Yesterday, the 6th of June, was the National Day of Sweden. It is celebrated in memory of when Gustav Vasa was crowned king and laid the foundation of modern Sweden in 1523 following his rebellion against Christian the Tyrant of Denmark.
The date also coincides with the 1809 reform which put an end to royal absolutism by dividing the legislative power between the Riksdag (Parliament) and the King.
“Sweden is ours, it is the country of six and a quarter million living Swedes. But it is also the dead’s country, those who have built it up for us from the start and handed it over to us to manage and improve. The dead are countless million more than us. They have much to say to us now, and we are obliged to listen to them. We listen to them by remembering what they have accomplished and by valuing their strife. They can no longer defend their work. That is now our responsibility.

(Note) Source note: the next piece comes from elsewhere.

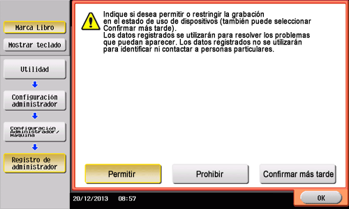 Seleccione si desea permitirnos adquirir datos de registro relativos al uso de la máquina.

Some god-given right to a certain piece of land, a right in and of itself to possess a certain country from the beginning to the end, is of course not given to our people. That right is something which must be earned, which should be acquired by every people.
The Swedes have earned the right to their land. Sweden is ours and has been for thousands of years with the tiller and the farmers natural right, through the blood sacrificed by ancestors, through the distinctive culture, that has been created here.
What Sweden is today, dead and living Swedes have made it to, and nobody else. Sweden is today ours through Swedish strife. The living Swedes assignment is to preserve it and improve through this strife – on the foundation of freedom.
We are few people, but we have big country to live in. Look at the map of of Europe! Our country spreads far out in the continent. But we are few, we are the lonely cottages people, and even if we nowadays partially live in cities, we are at one point in time descended from the cabins of farmers, crofters and cottagers.
In the loneliness of vast desolate woods the soul of the Swedish has been shaped and moulded for thousands of years. Wrestling with the stone and stump when the field was tilled, has given us powers – spiritual and physical. And strong resistance has developed these powers. Thus the lands woods and soil have characterized us, given us, the original source of our peoples strength, the lone wood-dwellers pride and sense of freedom and the tough tillers persistence.
What truly is Swedish is the origin – our locus. It is for me the soil of childhood where I ran barefoot a dozen summers, and felt the juniper bushes fir needles under my feet. Childhoods soil, it is the brightening nights of spring with mothers flight over the cabin slopes, and cranes’ cries from the marsh. It is summers sun-drenched stream with its lukewarm water splashing around children’s legs with scabs on their knees. It is autumn red cranberries tussocks and the fallen apple in dew grass a clear morning. It is winter snowdrifts at the stoop. The icy bobsled run. There are some children in a mossy lichen cottage on the wooded hill a lonely evening at dusk. Father is at the regiment meeting, mother is day laboring up in Roten. Children sit at the cabin window and press their noses against the glass. Is there not someone down there on the road? It is poverty – but a proud poverty, helping himself to life’s adequate sustenance, to the rough, but hearty daily bread of rye on the field patch surrounding the cottage.
It is a healthy and free childhood, as the wild herb between juniper bushes in the meadow. There is peace and security in a peaceful country, where children are born free by free parents. A country where even the smallest children of farmers can try their hand at all kinds of opportunities until they are no longer able. A country where everyone is allowed to grow at their own pace. This is its own, that which shall never allow itself to be replaced by something foreign. This is the root and bloodline, my spiritual inheritance that I have to keep untouched and pass on to my own children. This is for me the Swedish, the unalienable.”